The research brief, entitled ‘Smart Contracts in Supply Chain: Making Sense of a Potential Game Changer’, explains the concept of smart contracts, their application in supply chains and highlights their pros and cons. It also lays out an initial path for gaining expertise in these tools.
“A smart contract is computer code hosted on a blockchain that defines and executes the terms of an agreement between parties,” says Ken Cottrill, co-founder and research principal at Chain Business Insights. “Given their versatility, the range of potential applications in the supply chain domain is vast.”
A case study on a cotton supply chain proof of concept (PoC) – in which 88 bales of cotton were shipped from the US to China – illustrates how smart contracts work in practice. The shipment, completed last October, was undertaken by Australia’s Brighann Cotton Marketing and involved Wells Fargo and the Commonwealth Bank of Australia (CBA) in its processing and execution through blockchain.

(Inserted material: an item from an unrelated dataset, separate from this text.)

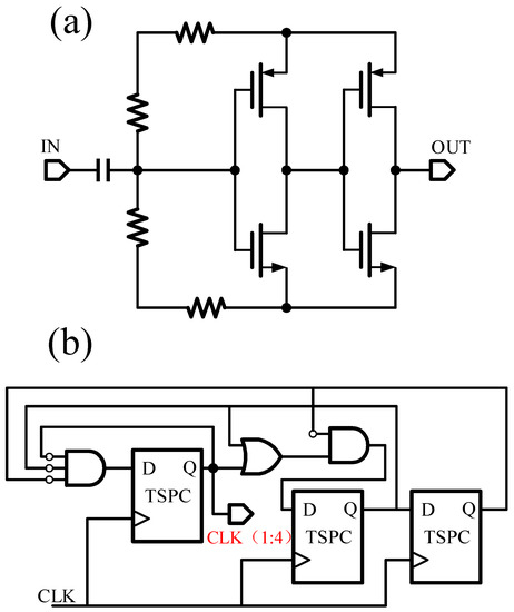 Figure 4 illustrates the detailed diagram of the proposed cryogenic SAR ADC. Fundamentally, it comprises a double-tail dynamic comparator, bootstrap sample-and-hole (S/H) circuit, capacitor array and successive approximation registers. To achieve lower power consumption and better linearity, this design employs a monotonic switching procedure [22,23]. The capacitor array is binary-weighted [24]. The CLK_in is generated by an off-chip sine wave signal which will be converted into a square wave through a wave shaping circuit and then passes through a frequency divider with a duty ratio of 1:4. The detail of the transform block is illustrated in Figure 5. Figure 5a is the schematic of the sinusoidal-to-square wave transform circuit. These resistors with the same resistance value ensure a 1:1 duty cycle and the two inverters convert the sine wave into a square wave. Figure 5b is the diagram of the one-fifth frequency divider. The sample clock of the proposed architecture is generated at the output node of the first stage TSPC.
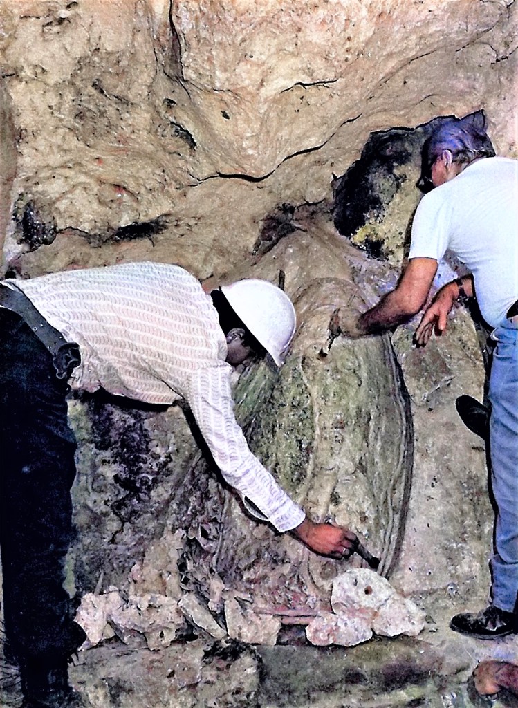 Los miembros de la Sociedad de Investigaciones Históricas y Arqueológicas SEBUCO Robert Martínez Rivera y Genaro Otero Campos realizan labor de reproducción de petroglifo encontrado en una de las cuevas de la Carmelita en Vega Baja en 1976. Fototeca Jimmy Rosario 10004932.

The participants announced it as the first global trade transaction between two independent banks to combine the emerging disruptive technologies of blockchain, smart contracts, and Internet of Things (IoT), for a real transaction and shipment of goods.
“Several companies recognise the applicability of smart contracts to the supply chain space,” says Peter Harris, co-founder and research principal at Chain Business Insights. “IBM, Maersk, Microsoft and SAP Ariba are among the first to engage in proof of concepts, but we expect that list to expand rapidly.”
The brief’s authors stress that despite their many advantages, smart contracts are by no means a panacea for fixing inefficiencies in supply chains. The rationale for using them depends on the type of agreement under review, as well as its scale and scope. The brief offers several pointers for exploring this solution and discusses likely future developments.